Al mismo tiempo, otro tipo de desplazamiento se advierte en su obra: el de conquistar las alturas. Mito sembrado en la mente más antigua de los hombres se halla el desafío de la gravedad, Ícaro tratando de alcanzar lo alto quemó sus alas. Tatlin fue un Ícaro moderno, al sostener la improbable idea de elevar una construcción que lanzara una espiral hacia las nubes. A fin de cuentas todo ello habla metafóricamente de la posibilidad de la utopía, y en esencia todo artista verdadero, como lo es Kcho, aspira a que la Utopía deje de ser sueño para convertirse en realidad.

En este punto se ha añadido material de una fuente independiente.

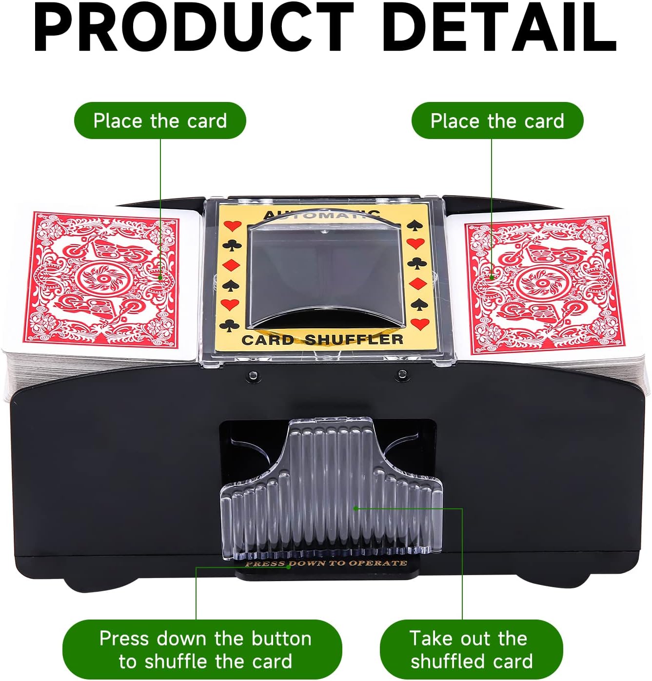 - 【More Convenient-Fully Automatic & Battery Operated】Just Want to play card more fun and convenient anywhere? Unniweei 1-2 deck automatic card shuffler is powered by 4 AA batteries (Not Included). Battery powered,shuffle fast,Shuffles up to 1-2 deck cards in seconds, our automatic card shuffler can release your hand, which can makes your casino card game more fun and convenient. Our card shuffler holds up to 1-2 standard decks of cards.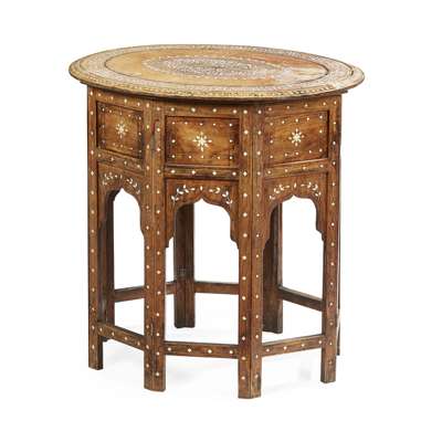 MIDDLE EASTERN HARDWOOD, EBONY AND IVORY INLAID OCCASIONAL TABLE Y

¿Y qué realidades más elocuentes estas que se nutren de la madera, el papel, la piedra? Permítaseme insistir en lo muy estimulante que debe ser para quienes aprecien esta muestra los tránsitos entre el dibujo y el grabado y la realización escultórica o instalativa. En la superficie plana, Kcho vuelve a revelarse con tanto oficio y calado como en sus propuestas tridimensionales. Al respecto será bueno compartir esta observación del crítico Franklyn Fernández publicada en la revista Agulha, de Sao Paulo, en 2006:

“Kcho dibuja, es un gran y auténtico dibujante. Lo hace a toda hora. Siempre produce sus bosquejos y esbozos en los sitios más disímiles y desiguales. Puede hacerlo en medio de una entrevista o en pleno montaje de sus exposiciones. Tiene libretas repletas de bocetos, diseños y proyectos. Dibuja sobre un cuaderno de notas, bosqueja sobre un trozo de servilleta, traza sobre un fragmento de tela o sobre la misma superficie plana de la pared. (…)  El dibujo en Kcho es como un acto de reflexión. Meditación, abstracción, cavilación y cálculo. Para él es el sentido poético-esencial, existencial de la vida. Es su energía, su luz”.

En esta ocasión el artista se apresta a desembarcar para inaugurar el 5 de noviembre en Bayamo (Casa de Cultura de la ciudad) con una obra indiscutiblemente sólida, aventurada y propositiva, en la que cobra vuelo una poética acrisolada por el talento y la expresión. Las obras que integran esta muestra han sido expuestas con anterioridad en otros espacios como las Salas de Exposición del otrora Cuartel Moncada en julio de 2011, ahora la muestra se enriquece con la obra “Carrousel”, que constituye un homenaje a la nacionalidad cubana, en ella se integran los elementos que se resultan indispensables para la amplia visión de la cubanidad, expuesta como parte integral de Sacrificio en la encrucijada, en las salas del Gran Teatro de La Habana en los meses finales de 2011. El título con el que emprenderá esta cruzada artística por Granma, Anclado por un sueño, resume metafóricamente la dialéctica aludida en los afanes creadores del artista.